Small and fast http server similar to apache

open source software

Often titled as OSS, is software with available source code. Popular open source software license is the GPL

Parameterized check

Some option values of this check (command) can be accessed by parameter.

PXE

Preboot Execution Environment

rrd-tool

RRDtool is the OpenSource industry standard, high performance data logging and graphing system for time series data.

SGE

The "Son of Grid Engine", community project of Sun Grid Engine. [https://arc.liv.ac.uk/trac/SGE]

TFTP

Trivial File Transfer Protocol is a simple, lock-step, file transfer protocol which allows a client to get from or put a file onto a remote host.
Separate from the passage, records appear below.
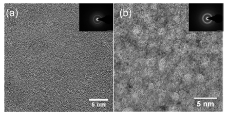 Figure 1. TEM images of (a) Zr64Ni10Al7Cu19 and (b) Zr55.7Ni10Al7Cu19Co8.3 metallic glass samples
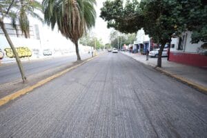 Oaxaca de Juárez, Oax., 1 de mayo de 2025.- La Secretaría de Infraestructuras y Comunicaciones (SIC) inició trabajos de reencarpetamiento en el boulevard Eduardo Vasconcelos, en el tramo del estadio de béisbol al cruce de la calle Curtidurías, donde se realizan labores de fresado, para posteriormente limpiar y colocar pavimento nuevo.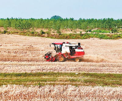 一片金黃的麥田里,撥禾輪轉(zhuǎn)動(dòng),麥芒飛揚(yáng),麥粒傾瀉而下……就在23日,蔡華從早忙到晚,沒敢停歇:“預(yù)報(bào)有雨,我得趕緊把客戶家的80多畝地收完?!碧烊谙聛?lái),他才把收割機(jī)停進(jìn)車棚,麥香味瞬間涌進(jìn)小院。累了一整天,剛吃完飯,蔡華又和妻子張秀蘭盤算起出發(fā)的行頭:對(duì)講機(jī)、收款二維碼……

One of its primary uses is in the early stages of nodes booting from a Local Area Network. TFTP has been used for this application because it is very simple to implement.

TLN

Top Level Node, is the top level domain the node belongs to.

VM

Virtual Machine, general name for virtual systems running completely in an host environment like KVM or similar.

xinetd

An open-source super-server daemon which runs on many Unix-like systems and manages Internet-based connectivity. It offers a more secure extension to or version of inetd, the Internet daemon, thus most modern Linux distributions have switched to it.